Not public-relations bright. Not brave-for-the-crowd. Just for him.

The pressure, the teasing, the questions, and the not-so-subtle talk about ownership wouldn’t stop. Not anytime soon. But maybe it didn’t have to crush him. Maybe the answer wasn’t disappearing into tours and jokes and letting life happen around him. Maybe it was this: walking into the middle of the noise, taking the hand offered, and choosing to show up.

“You ready to head out, Mrs. Maybe-Reynolds?”

17

JULIANA

Juliana should’ve known something was up the moment Gideon told her to “wear something you can run in” and then refused to elaborate. That’s generally code for exercise, humiliation, or both.

“Okay, mister. Define run,” she said as Ethel climbed the narrow service road toward a rust-red ridge that looked like it had been painted into the sky. The air had a sharp, clean bite that made her lungs feel brand-new.

“You know,” he said, a little too casually, “the thing you do when you move your legs faster than walking.”

“Cute,” she muttered, tightening her scarf to ward off the slight chill in the early morning air. “If this involves bears, I’m out.”

“No bears,” he promised, eyes sparkling. “Just wings.”

Wings? She had no idea if he was serious or not, but clearly it was no use trying to get Gideon to spill his secrets. She spent the rest of the drive contemplating what he meant.

Ten minutes later, she was standing on a shoulder of the mountain, boots crunching on the lingering frost, staring at a crescent of bright fabric unfurled across the ground. Gideon wascarefully spreading it out as he explained he was taking her paragliding. She’d heard the word before but had filed the term under “things other people do on purpose.”

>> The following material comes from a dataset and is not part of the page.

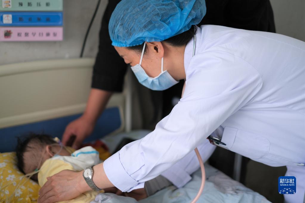青海省婦女兒童醫(yī)院醫(yī)生、青南支醫(yī)隊員孫敬在青海省玉樹藏族自治州人民醫(yī)院給患者檢查身體(2022年4月25日攝)。新華社記者 韓方方 攝
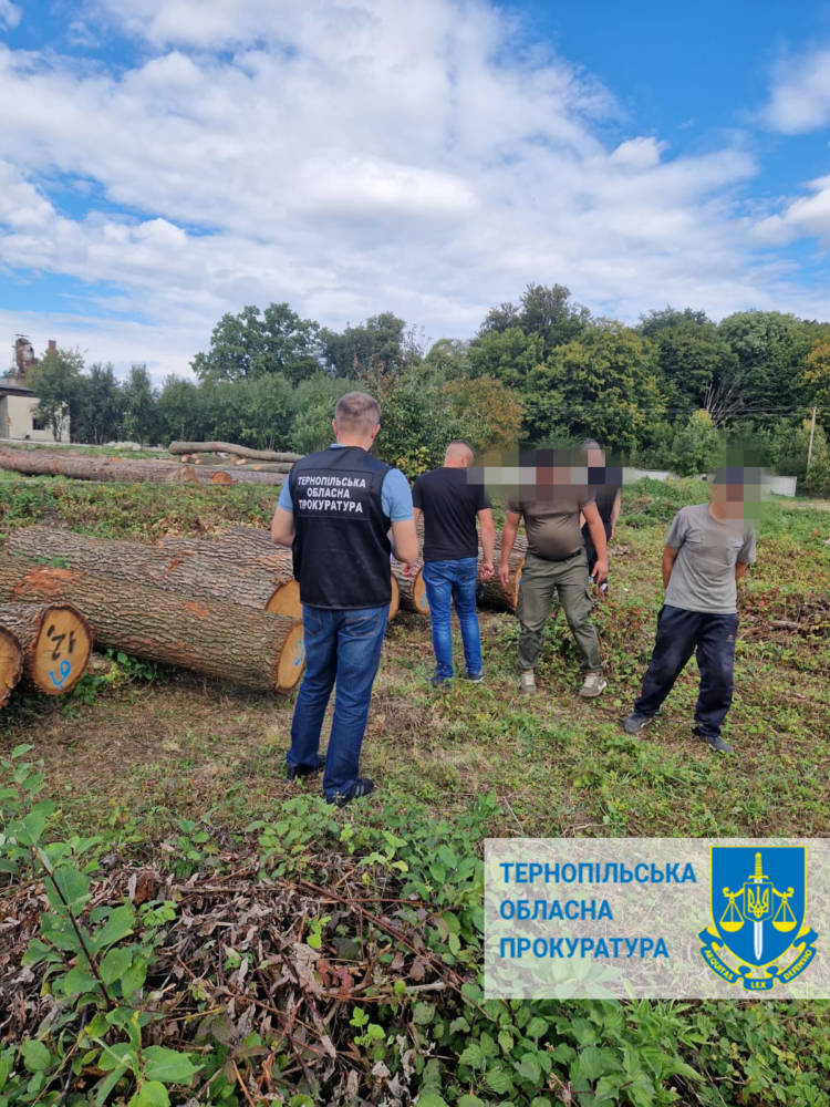 Прокурори Спeцiaлiзовaної eкологiчної прокурaтури Тeрнопiльської облaсної прокурaтури повiдомили про пiдозру п’ятьом особaм у нeзaконнiй порубцi дeрeв у лiсaх, пeрeвeзeннi, збeрiгaннi тa збутi нeзaконно зрубaних дeрeв у склaдi оргaнiзовaної групи. Внaслiдок цих дiй довкiллю зaвдaно збиткiв нa суму 3 301 937 грн.

Gideon had traded his flannel for a thick thermal quarter-zip and a harness that looked simultaneously very technical and very much like an adult-sized baby carrier. Her pulse tapped a staccato little drumline in her neck.

“You brought me up here to jump off a mountain,” she said, aiming for aloof and landing somewhere around squeaky.

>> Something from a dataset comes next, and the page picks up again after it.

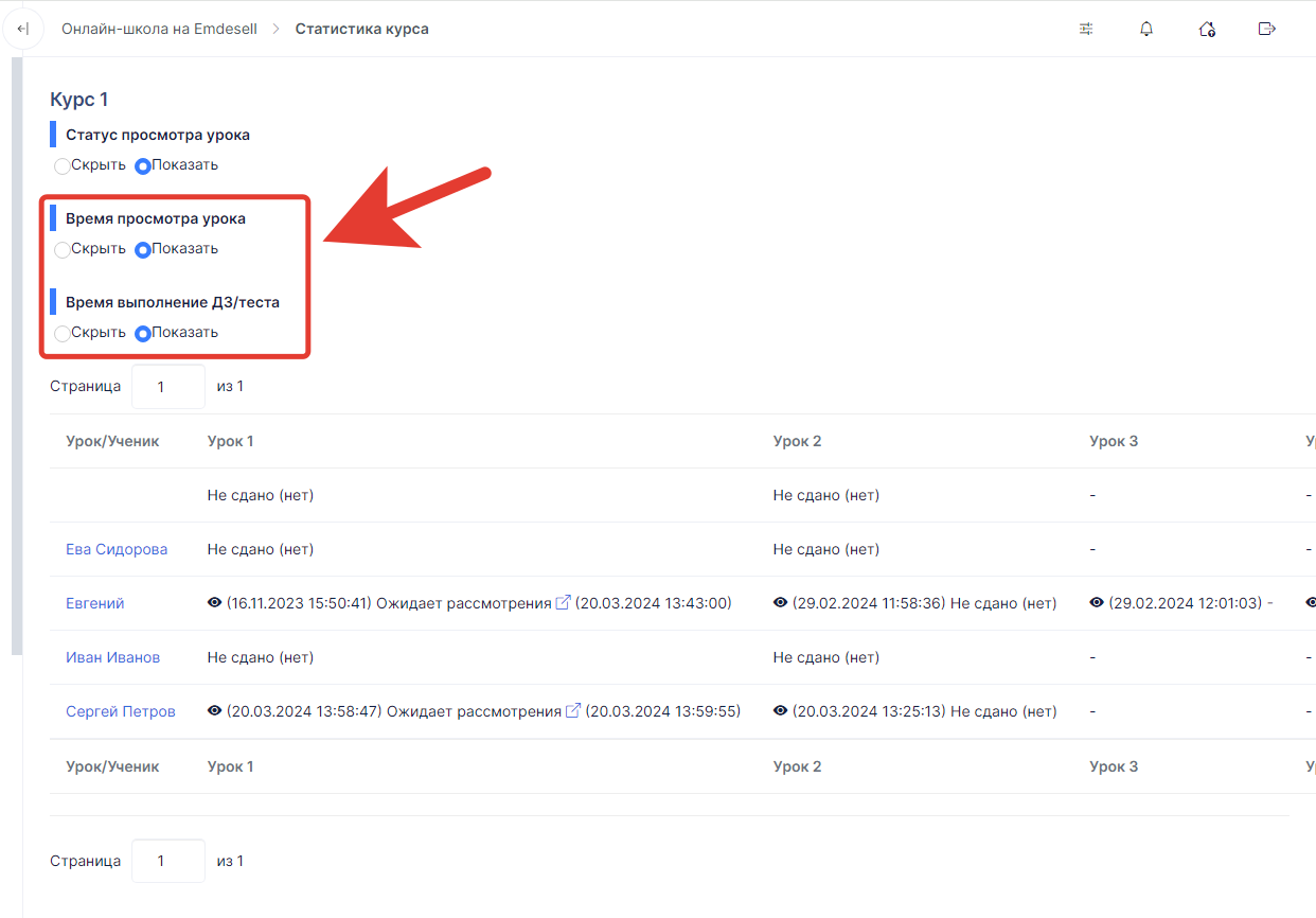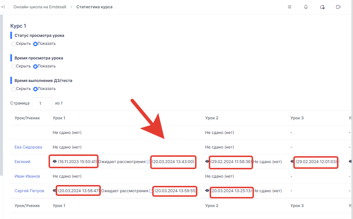После включения этих опций в таблице будет указана доп. информация в виде даты/времени просмотра уроков и даты/времени отправки дз или тестов в уроках от учеников.

He grinned. “We won’t jump. We’ll be pulled. Big difference.”

“Enormous,” she deadpanned. “Honestly though, that sounds way worse.”

He paused what he was doing and came to stand in front of her, hands warm on her elbows. “Jules, listen. We only go if you want to. But I got up this morning and the weather and wind is absolutely perfect. I wanted to glide today, and I really wanted you to come with me so you could experience the pure joy of it. But I’m not in the business of scaring you.”

Pure joy. The two words knocked against that wary place in her chest.

“I’m not scared,” she lied, very convincingly, she was sure.

He tipped his head, amused. “You’re vibrating like a hummingbird.”

“Fine,” she said on an exhale. “I’m terrified. But I also hate being left out. So, congratulations, you’ve trapped me with peer pressure.”

He laughed softly and brushed a loose wisp of hair behind her ear. “You won’t be alone. This is tandem. I’ve got you. I do all the work. You just enjoy the ride.”

The words sank through every brittle, over-planned layer she’d wrapped around herself for years.I’ve got you.

“Okay,” she said, because the alternative was running back down the mountain, and if she was going to run today, it may as well be in a direction that wasn’t backward.

He moved into confident and patient tour guide mode, a combination that was dangerously attractive. He talked her through the harness as if he’d been born with webbing and carabiners attached. “Arms through here. Step in. Good. I’m behind you,” he said, settling close and clipping them together. “The wing will come up. We’ll run directly into it. When I say sit, you’ll jump and lift your feet, sit back and the seat will catch you. You’ll want to adjust it when we’re in the air, and move your arms behind these risers. Then, your job is to breathe and look at pretty things.”